▼▼▼

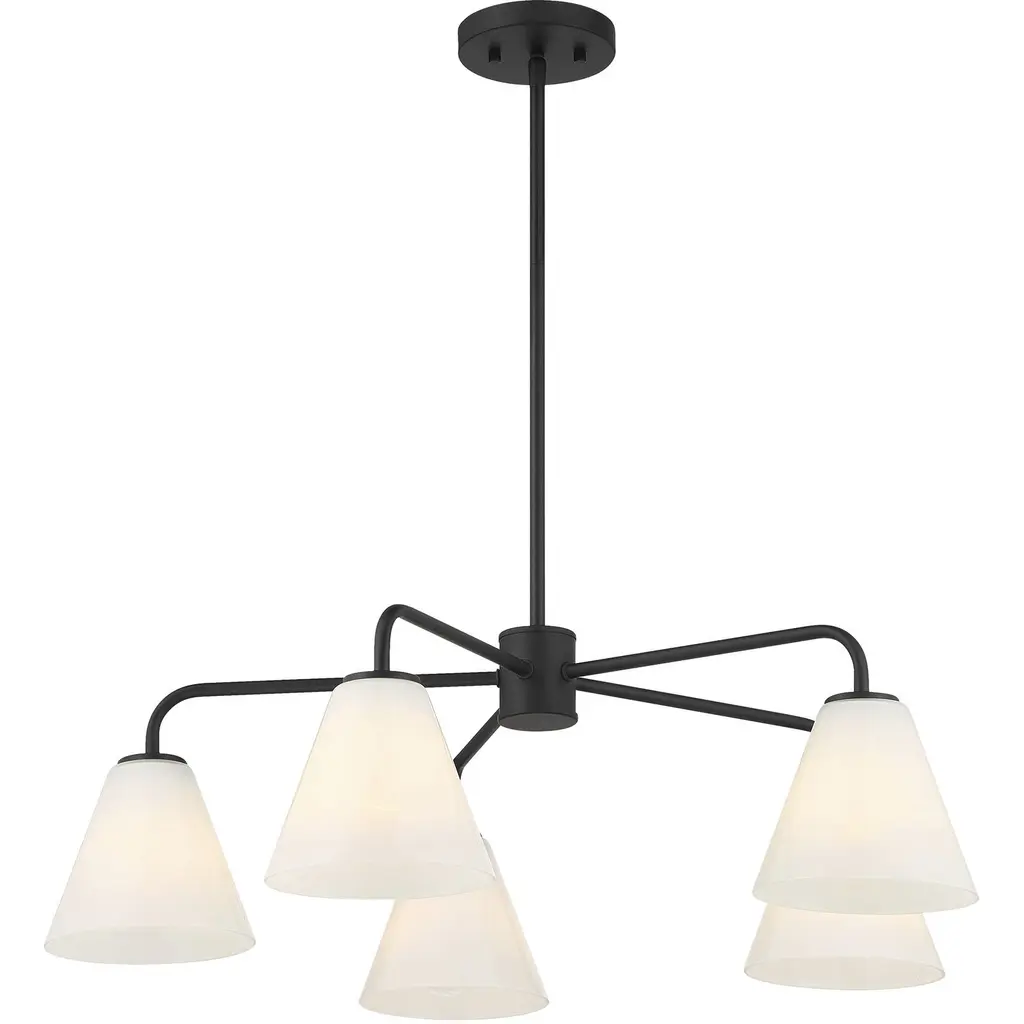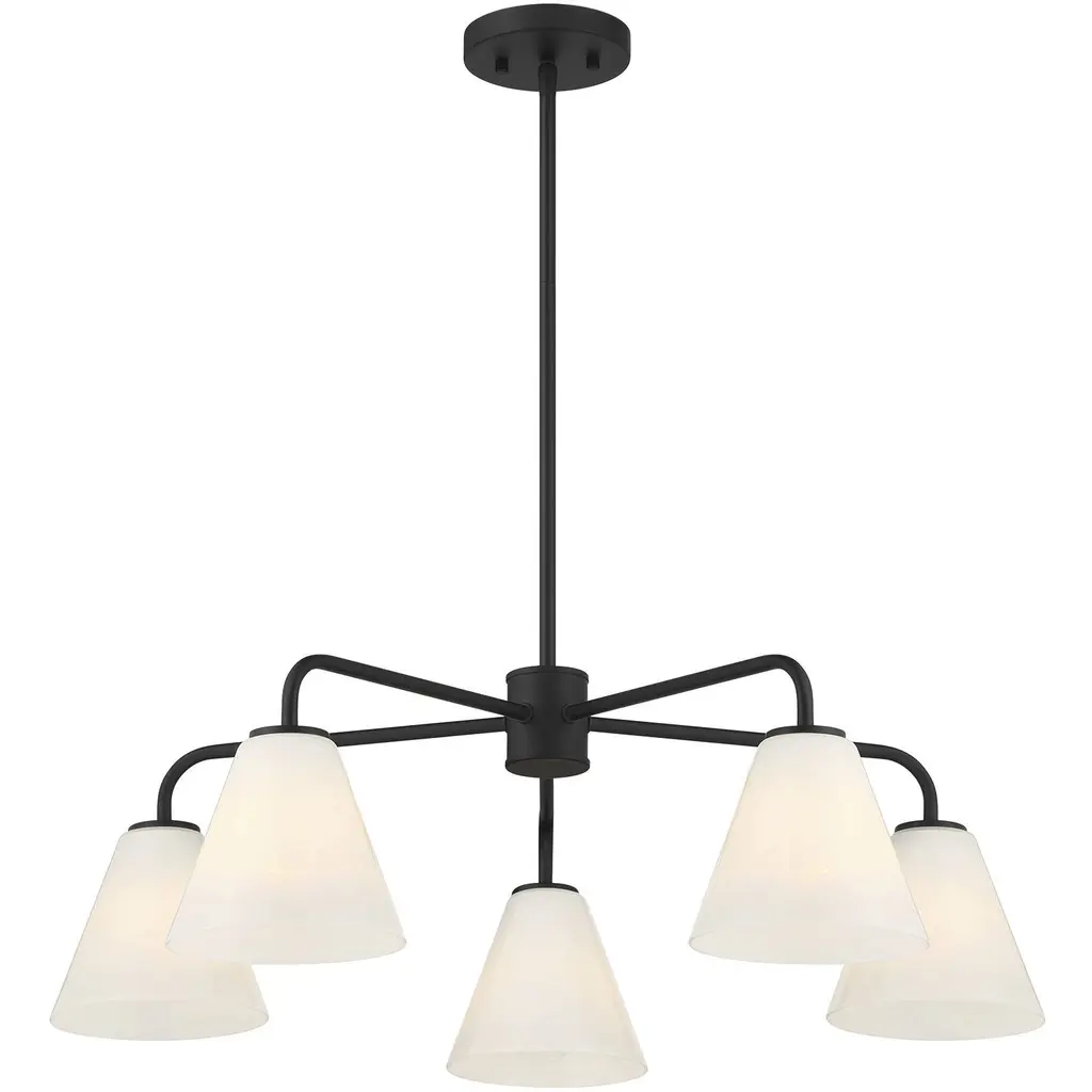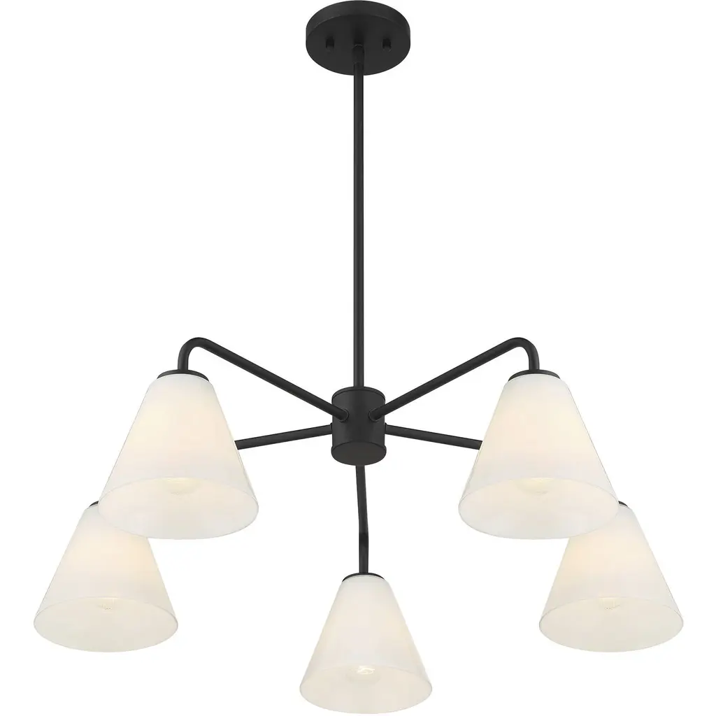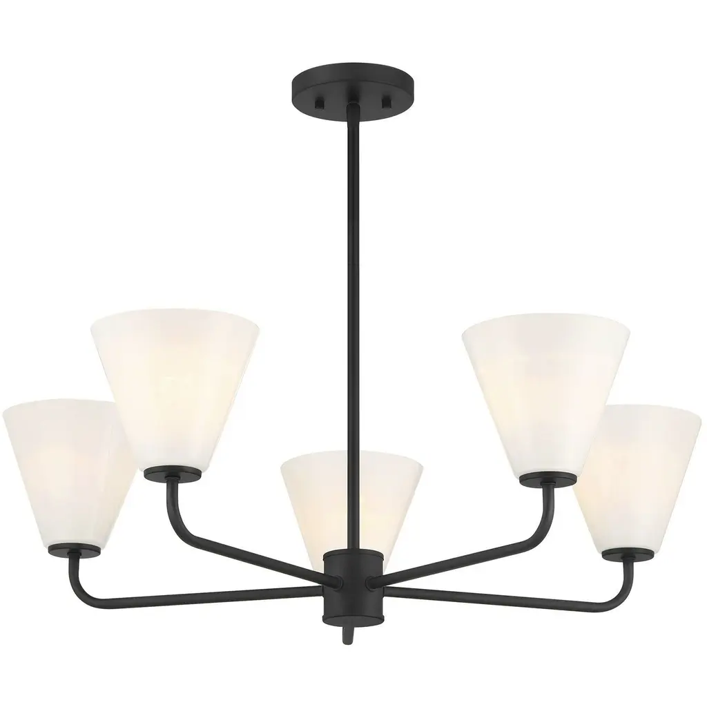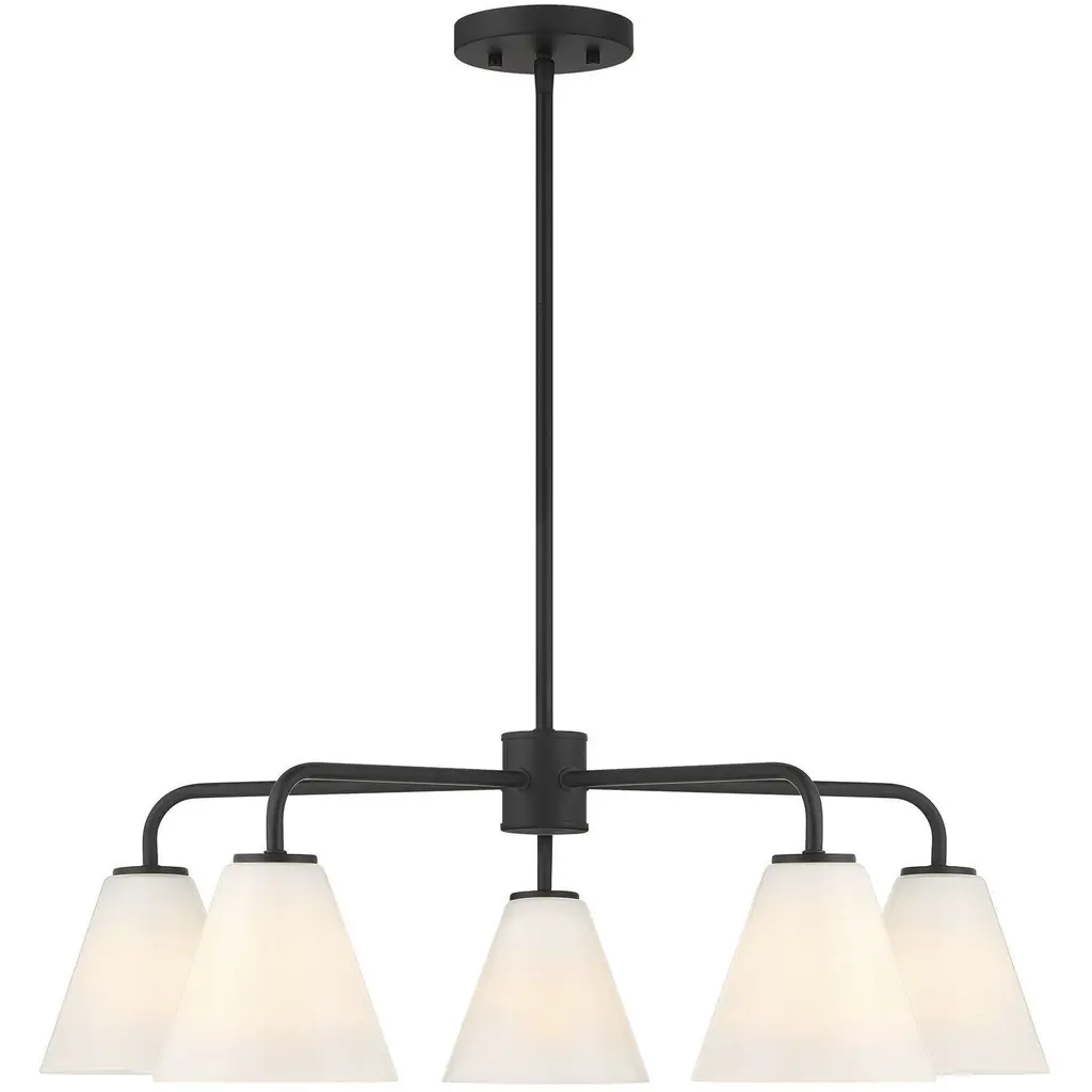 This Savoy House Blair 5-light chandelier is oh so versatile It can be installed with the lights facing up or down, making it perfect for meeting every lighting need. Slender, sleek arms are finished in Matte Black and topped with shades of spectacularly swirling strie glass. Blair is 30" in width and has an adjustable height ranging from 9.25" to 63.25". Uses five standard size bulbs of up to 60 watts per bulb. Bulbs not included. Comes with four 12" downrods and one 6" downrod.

▲▲▲
▼▼▼

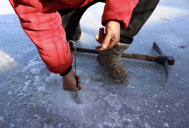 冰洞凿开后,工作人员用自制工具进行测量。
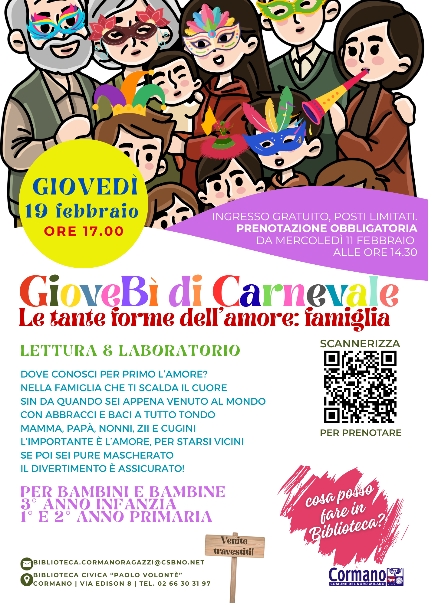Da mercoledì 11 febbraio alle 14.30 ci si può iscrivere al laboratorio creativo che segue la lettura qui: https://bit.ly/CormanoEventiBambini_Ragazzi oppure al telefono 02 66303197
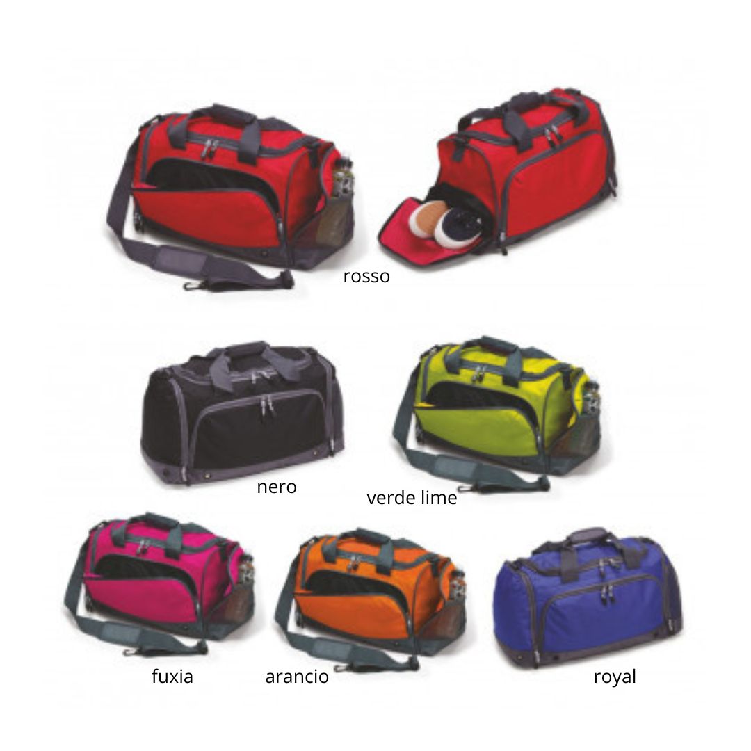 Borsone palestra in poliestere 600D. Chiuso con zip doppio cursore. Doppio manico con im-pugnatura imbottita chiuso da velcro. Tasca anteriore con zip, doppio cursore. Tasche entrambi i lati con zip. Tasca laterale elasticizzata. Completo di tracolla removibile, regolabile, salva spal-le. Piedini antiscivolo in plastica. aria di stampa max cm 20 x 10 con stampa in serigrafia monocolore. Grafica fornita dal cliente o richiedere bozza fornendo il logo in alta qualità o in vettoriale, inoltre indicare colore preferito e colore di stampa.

▲▲▲
▼▼▼

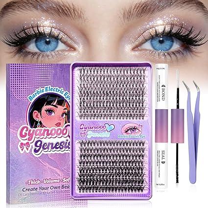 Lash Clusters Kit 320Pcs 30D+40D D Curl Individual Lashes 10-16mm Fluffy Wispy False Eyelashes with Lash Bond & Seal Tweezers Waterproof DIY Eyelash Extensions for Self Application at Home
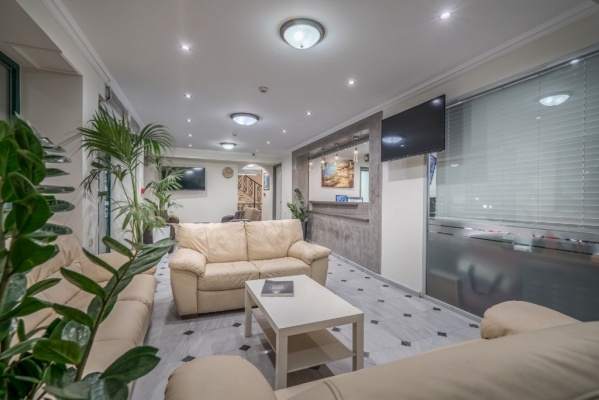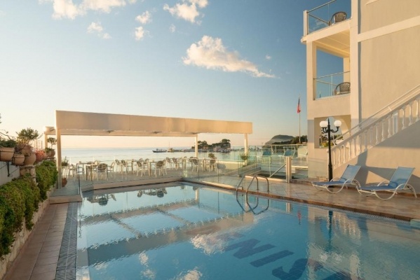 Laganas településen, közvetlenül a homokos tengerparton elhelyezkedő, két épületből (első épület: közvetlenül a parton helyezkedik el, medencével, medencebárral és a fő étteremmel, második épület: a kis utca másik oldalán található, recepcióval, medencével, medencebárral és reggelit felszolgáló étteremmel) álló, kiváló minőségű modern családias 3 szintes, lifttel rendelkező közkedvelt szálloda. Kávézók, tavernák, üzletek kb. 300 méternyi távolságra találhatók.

▲▲▲

HOW TO COMPLETE THIS TASK ->
From the records above, extract the lines from the one holding "冰洞凿开后,工作人员用自制工具进行测量。" through the one holding "Da mercoledì 11", word for word; omit the pictures.

PROBLEM SOLUTION ->
 冰洞凿开后,工作人员用自制工具进行测量。
Da mercoledì 11 febbraio alle 14.30 ci si può iscrivere al laboratorio creativo che segue la lettura qui: https://bit.ly/CormanoEventiBambini_Ragazzi oppure al telefono 02 66303197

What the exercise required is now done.